Они беседовали уже больше двух часов, сидя рядом в мягких удобных креслах перед мирно потрескивающим камином на старой профессорской даче. Арсений любил приезжать сюда. Дело было даже не в уютной, спокойной атмосфере, которая всегда здесь заботливо скрывала его от любых невзгод и проблем внешнего мира, будто бы укутывала и тело, и душу мягким, пушистым пледом. И не в традиционном шотландском виски, которым его здесь неизменно потчевали. Хотя, согласитесь, приятно наслаждаться жарким треском камина и стаканчиком почтенного, благородного напитка, когда за окном стоят февральские морозы и температура уже третью неделю не поднимается выше минус двадцати. И даже не в этой удивительной, не похожей ни на что беседе, когда два человека настолько понимают друг друга, что мысли словно бы обретают материальные формы. А главным образом потому, что он был уверен: ему здесь всегда рады. Рады безусловно и искренне, пусть даже радость эта редко выражалась словами и почти никогда эмоциями. Он просто знал это как некую непреложную истину. Знание возникло как-то незаметно, не сразу, но потом, со временем, постепенно укоренилось, укрепилось и в конце концов уже окончательно поселилось в его сознании.
Они были знакомы очень давно. По меркам Арсения Козырева, которому минувшим августом исполнилось 22 года, они были знакомы всю жизнь. Учитель и ученик, профессор и студент, гуру и шишйа[2]. Учителя звали Евгений Михайлович Малахов. Он действительно был доктором физико-математических наук, профессором, членом-корреспондентом РАН. И на самом деле являлся в своей области, как это принято говорить, ученым с мировым именем. На деле этот эпитет означал, что любой человек в любом местечке земного шара, сколь-нибудь серьезно занимающийся изучением ядерной физики, был так или иначе знаком с работами Евгения Михайловича. Еще бы, ведь многие идеи, которые ныне стали общепризнанными и на которых строилось теперь большинство современных теорий, родились когда-то именно в его гениальной голове. Арсения он по праву считал своим самым способным, талантливым и любимым студентом.
Козырев был высоким, атлетически сложенным юношей. Возможно, излишне худощавым и немного сутулым. Сказывались детские комплексы: превосходя по росту почти всех своих сверстников, подсознательно он старался выглядеть чуть ниже, чем это было на самом деле. Молодой человек имел мужественные, но правильные черты лица. Пожалуй, его можно было назвать приятным или даже симпатичным. Начиная со старших классов средней школы, дабы придать своей внешности некоторую индивидуальность, подчеркивал ее сначала усами, а позднее еще и небольшой шкиперской бородкой, настолько коротенькой, что ее легко можно было принять за брутальную небритость.
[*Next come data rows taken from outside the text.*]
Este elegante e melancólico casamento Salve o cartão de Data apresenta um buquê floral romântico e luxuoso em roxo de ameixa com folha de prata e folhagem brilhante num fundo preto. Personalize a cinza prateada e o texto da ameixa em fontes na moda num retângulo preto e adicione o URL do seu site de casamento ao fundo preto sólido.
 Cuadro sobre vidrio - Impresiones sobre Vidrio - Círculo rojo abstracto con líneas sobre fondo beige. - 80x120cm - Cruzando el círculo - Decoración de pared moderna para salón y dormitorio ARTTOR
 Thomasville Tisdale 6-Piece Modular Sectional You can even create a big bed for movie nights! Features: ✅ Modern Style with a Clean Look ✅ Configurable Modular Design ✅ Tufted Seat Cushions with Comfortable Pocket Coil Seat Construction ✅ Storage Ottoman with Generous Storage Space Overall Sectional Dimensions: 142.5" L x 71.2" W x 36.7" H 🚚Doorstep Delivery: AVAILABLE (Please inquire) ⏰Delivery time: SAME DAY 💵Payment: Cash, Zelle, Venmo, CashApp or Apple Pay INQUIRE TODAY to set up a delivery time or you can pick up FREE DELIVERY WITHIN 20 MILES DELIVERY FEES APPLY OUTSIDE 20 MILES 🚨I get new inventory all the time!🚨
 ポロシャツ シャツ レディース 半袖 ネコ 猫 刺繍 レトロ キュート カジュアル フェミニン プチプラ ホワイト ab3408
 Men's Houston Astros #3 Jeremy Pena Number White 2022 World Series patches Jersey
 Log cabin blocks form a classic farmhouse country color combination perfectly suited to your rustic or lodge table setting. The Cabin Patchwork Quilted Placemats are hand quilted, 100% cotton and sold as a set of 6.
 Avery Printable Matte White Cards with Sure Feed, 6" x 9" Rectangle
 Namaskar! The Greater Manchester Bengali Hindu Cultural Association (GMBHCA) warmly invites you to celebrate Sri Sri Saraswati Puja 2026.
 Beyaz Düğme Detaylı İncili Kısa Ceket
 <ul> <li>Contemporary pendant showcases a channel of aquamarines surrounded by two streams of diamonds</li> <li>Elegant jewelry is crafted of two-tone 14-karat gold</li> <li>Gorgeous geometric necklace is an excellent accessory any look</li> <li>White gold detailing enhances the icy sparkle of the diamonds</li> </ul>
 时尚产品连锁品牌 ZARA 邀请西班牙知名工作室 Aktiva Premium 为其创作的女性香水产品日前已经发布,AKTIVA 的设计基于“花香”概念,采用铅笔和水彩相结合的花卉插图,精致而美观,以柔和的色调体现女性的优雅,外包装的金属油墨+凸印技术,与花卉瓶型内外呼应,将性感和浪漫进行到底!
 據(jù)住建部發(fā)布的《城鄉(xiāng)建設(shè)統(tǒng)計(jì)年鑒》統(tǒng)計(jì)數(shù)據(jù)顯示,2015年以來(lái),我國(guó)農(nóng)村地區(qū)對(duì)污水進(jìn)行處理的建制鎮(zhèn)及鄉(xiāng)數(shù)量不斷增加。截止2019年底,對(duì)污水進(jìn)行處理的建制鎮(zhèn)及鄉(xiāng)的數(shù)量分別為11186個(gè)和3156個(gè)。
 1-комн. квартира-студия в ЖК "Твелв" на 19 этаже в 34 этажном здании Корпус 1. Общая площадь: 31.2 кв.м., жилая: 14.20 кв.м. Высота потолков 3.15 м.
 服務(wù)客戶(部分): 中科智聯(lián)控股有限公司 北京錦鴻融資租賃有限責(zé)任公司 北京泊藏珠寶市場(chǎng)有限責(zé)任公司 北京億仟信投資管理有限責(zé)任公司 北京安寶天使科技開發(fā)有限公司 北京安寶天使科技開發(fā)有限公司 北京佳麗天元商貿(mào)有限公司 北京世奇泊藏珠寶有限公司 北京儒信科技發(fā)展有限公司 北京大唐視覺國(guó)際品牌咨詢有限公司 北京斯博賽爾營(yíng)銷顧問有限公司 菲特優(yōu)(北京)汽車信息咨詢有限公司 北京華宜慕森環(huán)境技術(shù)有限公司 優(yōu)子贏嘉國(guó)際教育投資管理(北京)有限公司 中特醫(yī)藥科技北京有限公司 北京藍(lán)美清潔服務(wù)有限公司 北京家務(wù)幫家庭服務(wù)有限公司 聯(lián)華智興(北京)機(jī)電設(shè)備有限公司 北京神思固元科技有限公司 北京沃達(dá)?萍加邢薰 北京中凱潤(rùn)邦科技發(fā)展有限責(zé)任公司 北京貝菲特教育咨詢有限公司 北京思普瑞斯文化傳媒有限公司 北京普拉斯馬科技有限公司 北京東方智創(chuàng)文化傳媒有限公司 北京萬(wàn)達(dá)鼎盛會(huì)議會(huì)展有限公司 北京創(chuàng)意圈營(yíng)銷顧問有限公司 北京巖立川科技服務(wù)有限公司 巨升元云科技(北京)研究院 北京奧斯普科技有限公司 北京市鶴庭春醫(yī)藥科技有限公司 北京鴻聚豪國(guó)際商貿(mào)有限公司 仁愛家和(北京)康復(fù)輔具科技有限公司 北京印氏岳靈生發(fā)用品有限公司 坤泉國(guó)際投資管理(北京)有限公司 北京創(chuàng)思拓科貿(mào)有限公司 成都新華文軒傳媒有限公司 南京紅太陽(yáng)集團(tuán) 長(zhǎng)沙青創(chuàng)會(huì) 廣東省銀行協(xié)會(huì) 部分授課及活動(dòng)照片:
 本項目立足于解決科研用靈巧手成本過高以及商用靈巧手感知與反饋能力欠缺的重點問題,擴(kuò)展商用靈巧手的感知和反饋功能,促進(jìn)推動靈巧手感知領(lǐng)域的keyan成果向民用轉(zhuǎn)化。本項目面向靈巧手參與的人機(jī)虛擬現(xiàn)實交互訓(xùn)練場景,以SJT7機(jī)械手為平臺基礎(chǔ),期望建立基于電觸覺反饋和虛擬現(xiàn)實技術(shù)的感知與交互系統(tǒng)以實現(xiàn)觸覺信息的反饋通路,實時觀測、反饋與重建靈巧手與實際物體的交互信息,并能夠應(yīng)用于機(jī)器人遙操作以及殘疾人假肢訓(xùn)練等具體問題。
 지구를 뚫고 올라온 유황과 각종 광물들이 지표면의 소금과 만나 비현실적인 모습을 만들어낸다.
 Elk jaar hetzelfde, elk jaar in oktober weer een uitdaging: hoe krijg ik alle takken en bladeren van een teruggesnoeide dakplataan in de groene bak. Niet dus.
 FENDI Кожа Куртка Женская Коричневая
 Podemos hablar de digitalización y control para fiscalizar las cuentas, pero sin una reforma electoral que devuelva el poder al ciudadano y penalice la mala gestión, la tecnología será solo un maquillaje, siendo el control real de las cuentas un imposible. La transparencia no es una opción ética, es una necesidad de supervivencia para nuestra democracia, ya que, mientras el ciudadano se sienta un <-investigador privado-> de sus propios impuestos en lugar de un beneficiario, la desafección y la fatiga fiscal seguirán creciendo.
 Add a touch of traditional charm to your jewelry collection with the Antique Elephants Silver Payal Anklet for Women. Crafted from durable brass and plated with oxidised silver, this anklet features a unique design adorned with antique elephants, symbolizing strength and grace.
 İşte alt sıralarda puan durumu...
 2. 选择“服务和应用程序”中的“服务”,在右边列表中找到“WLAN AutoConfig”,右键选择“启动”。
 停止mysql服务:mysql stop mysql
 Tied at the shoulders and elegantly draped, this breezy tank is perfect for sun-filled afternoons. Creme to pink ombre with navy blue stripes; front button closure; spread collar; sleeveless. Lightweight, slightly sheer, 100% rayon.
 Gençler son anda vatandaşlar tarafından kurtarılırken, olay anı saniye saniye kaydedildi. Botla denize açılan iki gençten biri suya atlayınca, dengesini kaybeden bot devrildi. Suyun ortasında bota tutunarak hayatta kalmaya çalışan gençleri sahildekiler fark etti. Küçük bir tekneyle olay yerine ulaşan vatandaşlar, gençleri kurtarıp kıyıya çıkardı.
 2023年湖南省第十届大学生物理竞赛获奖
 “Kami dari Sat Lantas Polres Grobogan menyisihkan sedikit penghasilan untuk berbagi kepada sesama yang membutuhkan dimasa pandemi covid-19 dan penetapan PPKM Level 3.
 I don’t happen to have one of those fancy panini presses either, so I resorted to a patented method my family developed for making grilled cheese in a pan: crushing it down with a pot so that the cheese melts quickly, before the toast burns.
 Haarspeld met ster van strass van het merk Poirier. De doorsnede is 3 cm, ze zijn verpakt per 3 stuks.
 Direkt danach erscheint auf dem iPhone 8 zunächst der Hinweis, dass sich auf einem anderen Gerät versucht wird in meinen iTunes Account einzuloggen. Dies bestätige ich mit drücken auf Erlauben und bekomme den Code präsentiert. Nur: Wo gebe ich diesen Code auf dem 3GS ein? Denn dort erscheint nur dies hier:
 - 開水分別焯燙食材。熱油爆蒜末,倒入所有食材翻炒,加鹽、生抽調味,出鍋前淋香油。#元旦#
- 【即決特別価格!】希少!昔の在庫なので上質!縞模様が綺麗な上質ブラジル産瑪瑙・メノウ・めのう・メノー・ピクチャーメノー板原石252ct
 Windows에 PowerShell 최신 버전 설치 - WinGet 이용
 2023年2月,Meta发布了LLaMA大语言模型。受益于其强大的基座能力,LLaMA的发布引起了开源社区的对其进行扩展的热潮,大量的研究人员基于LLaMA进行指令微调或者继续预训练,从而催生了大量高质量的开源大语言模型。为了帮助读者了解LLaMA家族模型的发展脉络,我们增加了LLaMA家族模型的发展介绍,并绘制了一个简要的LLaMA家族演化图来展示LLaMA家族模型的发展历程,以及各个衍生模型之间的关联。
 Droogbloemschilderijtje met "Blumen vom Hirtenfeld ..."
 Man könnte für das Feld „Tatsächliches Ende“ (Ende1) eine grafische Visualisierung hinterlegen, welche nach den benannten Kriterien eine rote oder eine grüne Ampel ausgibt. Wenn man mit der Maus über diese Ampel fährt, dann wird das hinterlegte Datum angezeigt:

Родители Арсения принадлежали к тому же научному кругу, что и Евгений Михайлович. Они вместе заседали на скучных ученых советах, часто встречались на различных конференциях, семинарах и симпозиумах. «У нас на научном Олимпе», – так любила называть эти мероприятия мать Арсения. Любили устраивать шумные вечеринки в московском Доме ученых, выезжали вместе на веселые пикники и просто приходили друг к другу в гости отметить Новый год или день рождения. Арсений с детства привык к этим жизнерадостным «дядям» и «тетям», которые громко смеялись над шутками друг друга, играли с ним в футбол, катали на мотоцикле или учили съезжать с горы на лыжах. Конечно, умом он и тогда понимал, что все эти вполне обычные и совершенно привычные для него люди занимаются на работе чем-то невероятно серьезным и сложным. Особенно когда за праздничным столом разговор вдруг делался абсолютно непонятным для его детского восприятия. И все же для него они всегда оставались очень близкими людьми. Без каких-либо оговорок. Абсолютно своими.
Дядя Женя, с серьезным видом зайдя в рабочий кабинет матери Арсения, Ноны Алексеевны, вдруг становился добрым и радостным, обнаружив в кресле заведующей кафедрой делового малыша, сосредоточенно пытавшегося прикрутить дверную ручку к модели новейшего детектора элементарных частиц, и только успевал где-то в подсознании отметить, что ручка вписывается в дизайн прототипа необычайно удачно, будто конструкторы специально приготовили для нее это место. И тут же забывал и про ручку, и про реактор, и про ту проблему, с которой пришел к коллеге, полностью погружаясь в водоворот идей и свершений юного гения.
Арсений уже тогда выделял среди прочих родительских друзей и знакомых именно этого человека: с одной стороны, простого и доступного, а с другой – безумно интересного и необычного. Тянулся к нему со всей своей детской непосредственностью, ощущая, видно, где-то на нематериальном уровне их духовную близость. Евгений Михайлович тоже был весьма расположен к этому забавному малышу, отмечая его оригинальные, необычные для ребенка суждения. Всегда защищал его перед родителями, если тому случалось набедокурить. А случаи таковые происходили нередко, и притом весьма серьезные. Например, внезапное возгорание в кладовке после одного не вполне удачного физического эксперимента, когда только чудом удалось избежать большого пожара, а быть может, и еще более трагических последствий. А однажды профессор даже уговорил родителей прямо посреди учебного года отпустить Арсения с его танцевальным коллективом на целых две недели выступать с концертами по области. Арсений тогда пребывал в полном восторге! И даже не ясно, что его прельщало больше: то ли возможность лишний раз побыть в компании своей партнерши, девочки внешне весьма привлекательной, то ли общее ощущение своей исключительности, которое заключалось в официальной возможности не посещать школу.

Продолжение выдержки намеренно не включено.